▶ _Exercise aim_
The reply needs the lines from the one containing "Borsa shopper in" through the end of the material, each repeated exactly, and no pictures.
══ Provided entries
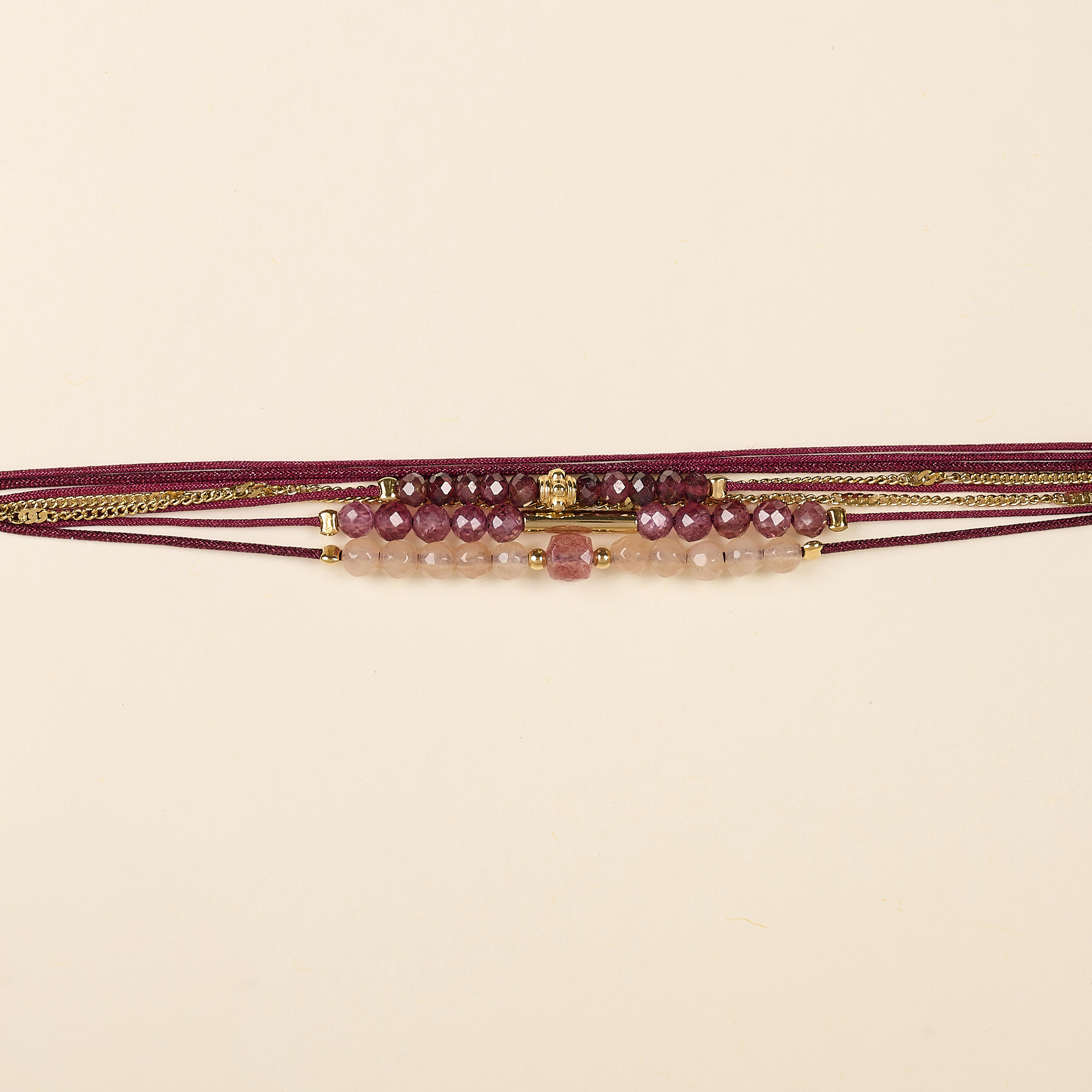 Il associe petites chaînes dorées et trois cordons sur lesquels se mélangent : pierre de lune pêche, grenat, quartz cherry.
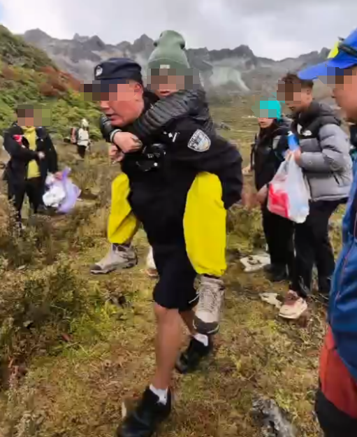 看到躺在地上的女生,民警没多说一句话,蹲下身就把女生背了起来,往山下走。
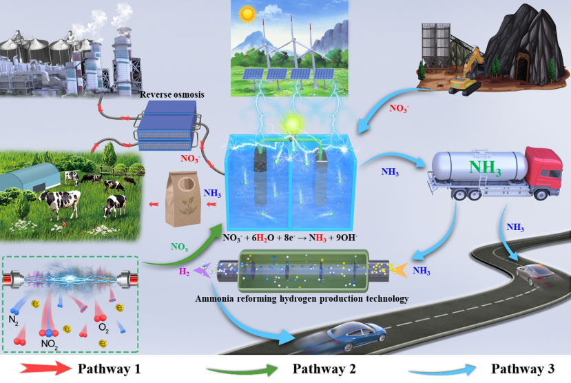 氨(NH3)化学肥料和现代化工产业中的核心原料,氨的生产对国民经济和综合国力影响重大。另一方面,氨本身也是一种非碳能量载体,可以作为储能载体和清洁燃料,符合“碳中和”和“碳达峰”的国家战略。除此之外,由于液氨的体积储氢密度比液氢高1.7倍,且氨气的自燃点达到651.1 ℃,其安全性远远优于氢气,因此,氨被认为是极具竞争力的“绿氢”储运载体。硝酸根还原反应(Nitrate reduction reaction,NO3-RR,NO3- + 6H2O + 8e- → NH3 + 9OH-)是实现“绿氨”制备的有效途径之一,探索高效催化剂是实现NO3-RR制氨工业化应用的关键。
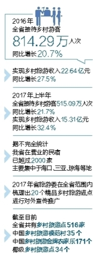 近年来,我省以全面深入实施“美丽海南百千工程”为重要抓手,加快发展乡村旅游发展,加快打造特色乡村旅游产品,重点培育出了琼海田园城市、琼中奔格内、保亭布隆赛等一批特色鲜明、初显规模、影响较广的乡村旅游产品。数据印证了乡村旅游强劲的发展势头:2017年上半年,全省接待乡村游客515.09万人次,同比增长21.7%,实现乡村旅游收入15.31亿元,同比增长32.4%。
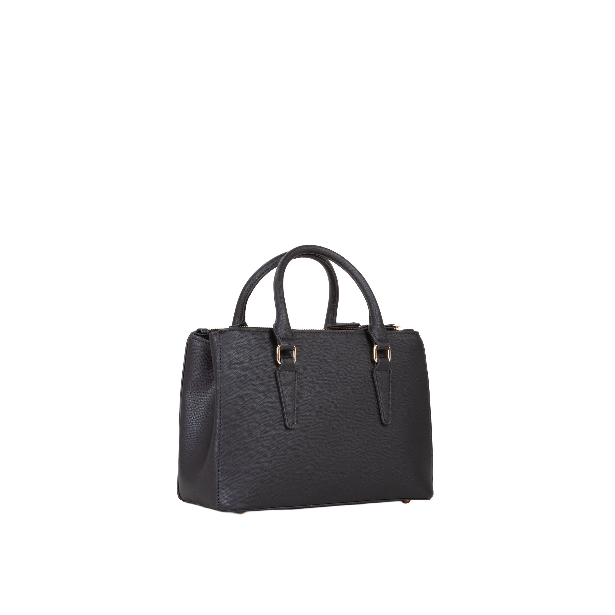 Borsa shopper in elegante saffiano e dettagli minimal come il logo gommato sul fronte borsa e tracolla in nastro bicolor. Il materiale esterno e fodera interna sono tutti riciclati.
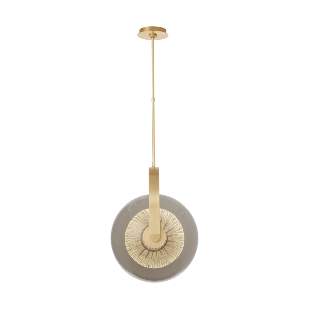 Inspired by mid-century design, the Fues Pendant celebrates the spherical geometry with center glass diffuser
════
▶ _Solution for this problem_
 Borsa shopper in elegante saffiano e dettagli minimal come il logo gommato sul fronte borsa e tracolla in nastro bicolor. Il materiale esterno e fodera interna sono tutti riciclati.
 Inspired by mid-century design, the Fues Pendant celebrates the spherical geometry with center glass diffuser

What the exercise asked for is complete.